I live in a small dairy based farm town on 31 acres. Five acres cleared for our home and barn, the rest is wetlands connected to the neighbors' wooded acreages. So it is very hard to destroy the coyotes all together. I know I have a pack living in our woods beyond the pasture, because I have heard them sound off at every siren that goes down the main road a mile away. Sounds like there are dozens, with all the yapping and yowling they do. My DH is normally home during the day, but has been out of town, and I think that is why they came in like they did, with the place deserted except for the animals. I would never have expected it from coyotes, but I do not believe dogs could have done this. We have no stray dog problem here.

Another friend thinks it could be a family of fisher cats. I have heard a new strange creature at night, and when describing it, was told it was definitely a fisher.

Though I did come face to face with a coyote, as I walked out of my barn with one of my horses one morning earlier in the week. The day of the kill, some stalls were open, and our wrap around front porch is enclosed underneath, with a small opening under the steps. The chickens and the cats lounge under there often. I think some of the survivors made it under there and hid safely. My youngest, a group of 3 blue Orps, ran in the chicken coop and stayed safe, and one Black Jersey. Only ONE of my older laying hens was saved. A very savvy hen who is pretty much untouchable and quite flighty, making her NOT a good candidate for predation, thank goodness.
It looks like the others were all taken by surprise and had no chance. I only found one dead body, a 4 month old light Brahma, in the woods behind our detached garage. The rest of the kills were evident only by big groupings of feathers.
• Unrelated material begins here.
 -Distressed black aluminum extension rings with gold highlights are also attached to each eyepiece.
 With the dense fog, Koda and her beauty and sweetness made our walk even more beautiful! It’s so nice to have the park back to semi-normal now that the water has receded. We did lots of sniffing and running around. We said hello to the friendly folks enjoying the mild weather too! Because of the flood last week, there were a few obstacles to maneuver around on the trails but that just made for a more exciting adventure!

And I could identify each and every bird as I found them. It was awful walking the property and finding one kill site after another. They were pretty much spread in every direction, over the 5 acres. Which leads me to believe there was a big packSeveral were hundreds of feet out in my horse pasture. My horses were fine, and very calm, when I got home, but there is no doubt they witnessed a lot of death and destruction. Sigh....
 
2 Christmases ago, at my mom's in MO, we had a night coyote ambush that attacked one of her young horses. It was crazy, I was outside enjoying the very foggy night after putting presents under the tree & listening to the horses walking about (it was so foggy I couldn't even see one of the horses standing at the fence just 30ft in front of me- I could even hear it breathing! lol) Then all of a sudden you heard dead quiet, then 3 smaller groups of coyotes sounding off, you could hear them move behind the horse pasture (as they have in MANY MANY years past without ever touching hers or neighboring larger livestock). There wasn't even hoof stomping/running or a horse squeal, only the kill-cackles coyotes do, but we saw the injury the next morning.
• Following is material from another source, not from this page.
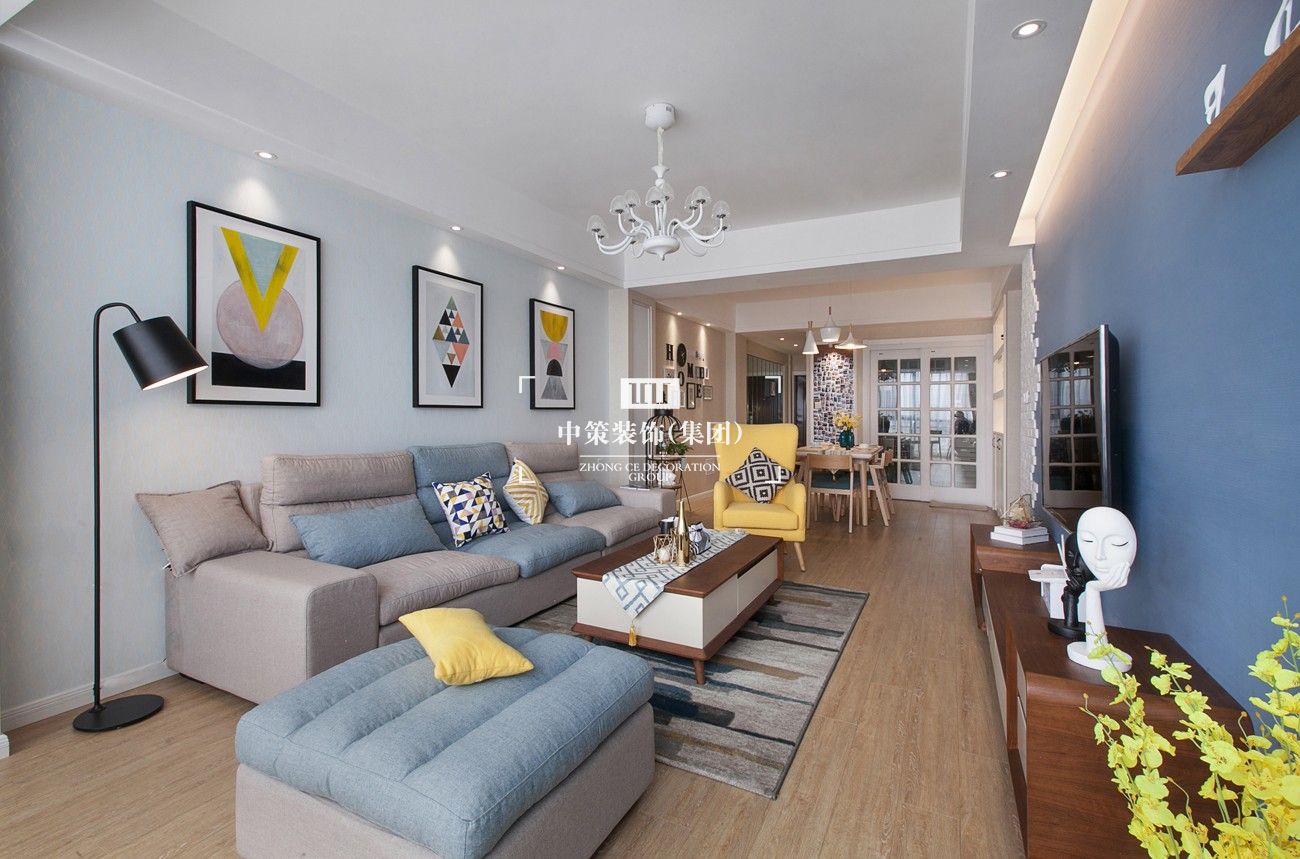 本案為現代簡約風格,在家具和配飾上運用了北歐的元素,增加氛圍感,更溫馨。色彩上主要運用藍色和黃色來提亮空間,細節裝飾上體現了主人對生活的期待和驚喜。

That was the beginning of a bad spell with that pack. Over the course of that winter, into the next spring/summer, they would regularly move into the horse pasture, through it to the barn, up into the front pasture in front of the house by the road- even walking right up to within 30ft of 5 humans when they were trimming the horses' hooves (it just sat & watched them). These were multiple coyotes, not a sickly individual. And all but the night attack on the horse were all during broad daylight.
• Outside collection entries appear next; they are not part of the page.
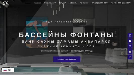 | AI-анализ | The web project Techinvestservis is dedicated to construction services for pools, fountains, aquaparks, hammams, saunas, and snow rooms. The company has been operating in Belarus since 2000. The website provides information about the services offered, with a focus on building pools and aquaparks. It includes a contact e-mail address for obtaining consultations. The website uses Google Tag Manager for tracking and analytics. The primary image on the page shows a swimming pool. The website is in Russian and is part of the Techinvestservis organization. |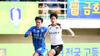 [OSEN=제천, 최규한 기자] 27일 오후 충북 제천종합운동장에서 ’제74회 전국고교축구선수권 겸 왕중왕전’ 결승 울산 현대고와 광주 금호고의 경기가 열렸다.전반 광주 금호고 송주민이 울산 현대고 전성진의 수비를 받으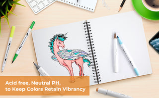 This 120LB (200GSM) heavyweight sketchbook paper offers a durable yet delicate surface perfect for producing clean artwork. This paper prevents bleeding, smudging and feathering, making it an ideal choice for a variety of dry art media including alcohol markers, solvent markers, colored pencils, charcoal, pastels and inks.

I was flabbergasted over this whole situation as the pack usually keeps to about 5-6 except when they have their litters, then move out of the immediate area for the summer/fall. But this pack had gotten up to 15+ & was ravaging the area & had all gotten so brazen. They stayed longer into the year until the following fall then all but disappeared. Now the pack is back to its normal 5-6 head & staying to their normal patterns. What's more puzzling is that same time period when they got so brazen, there were more small prey critters running rampant yet the coyotes were going after several large animals (they successfully took down a few adult cows in a neighbor's pasture).

I never doubt coyotes, especially when there's 'free lunch' running about- moreso during litter time for them.